I'll stop for a moment if you want a chance to fume about the irony of some of the biggest members in Unicode putting so much money into supporting a standard that they may not be supporting in some of the largest projects they are hailed for producing for the world.

I have been getting an earful at Tamil Internet 2010 from people who still feel compelled to use TAB or TAM or TSCII or TACE 16 or a font hack for publishing since for them the ability to search for their own content later in their known hack is more important than not being able to see anything, and also not being able to search in all content over the entire internet is not yet on their radar mostly (since it can't be done now anyway). And thousands of newsletters are incompatible with each other, and produce content to betray their birthright for a bowl of portability.

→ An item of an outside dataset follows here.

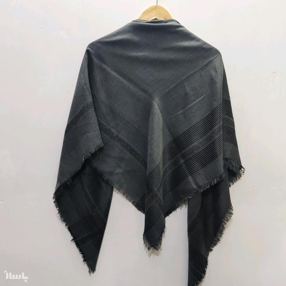 روسری نخی طوسی تکرنگ دور حاشیه لمه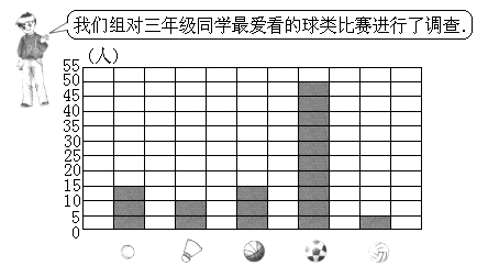 (4)三年级喜欢看( )比赛的人数最多,喜欢看( )比赛的人数最少,相差( )人.

And I would argue that the truly astounding number of PDFs that grows every day across almost all of South Asia that will not be able to be searched for their native content are decidedly NON-portable. No matter what PDF stands for.

That includes bring those free PDF writers forward. A hard problem, to be sure, but they created it themselves, and gave it to the planet. I think they owe it to the planet to make moves toward solutions.

...to organize the world's information and make it universally accessible and useful.

I was pointedly asked in Coimbatore whether Unicode could force a member company like Adobe or Google or Quark to do better here, and I pointed out they could not (and that Quark is not a member of Unicode anyway). The member company must voluntarily choose to do the right thing.

I presented on this very topic in Tamil Nadu, have had frank conversations with some of the most important people in Microsoft India while here, and have been very candid in conversations with everyone (also including lots of users of software) about what we could have done better in the past, what we still aren’t doing as well now as we could, and what I wish we would start doing.

And I could probably hurt my career at Microsoft a bit with a too brutally honest blog about my thoughts on Windows Phone 7 not supporting Silverlight 4, when clearly Apple's iOS4 is supporting Tamil text in the browser, probably using the fonts they licensed from us (I have written that very blog four times now while sitting in a hotel room in India and deleted it every time - I'm learning the dangers of blogging angry!).

But I can see the next steps here, everyone can. Microsoft's fault here is just timing. And we are making progress here. And we are trying to do lots of things better.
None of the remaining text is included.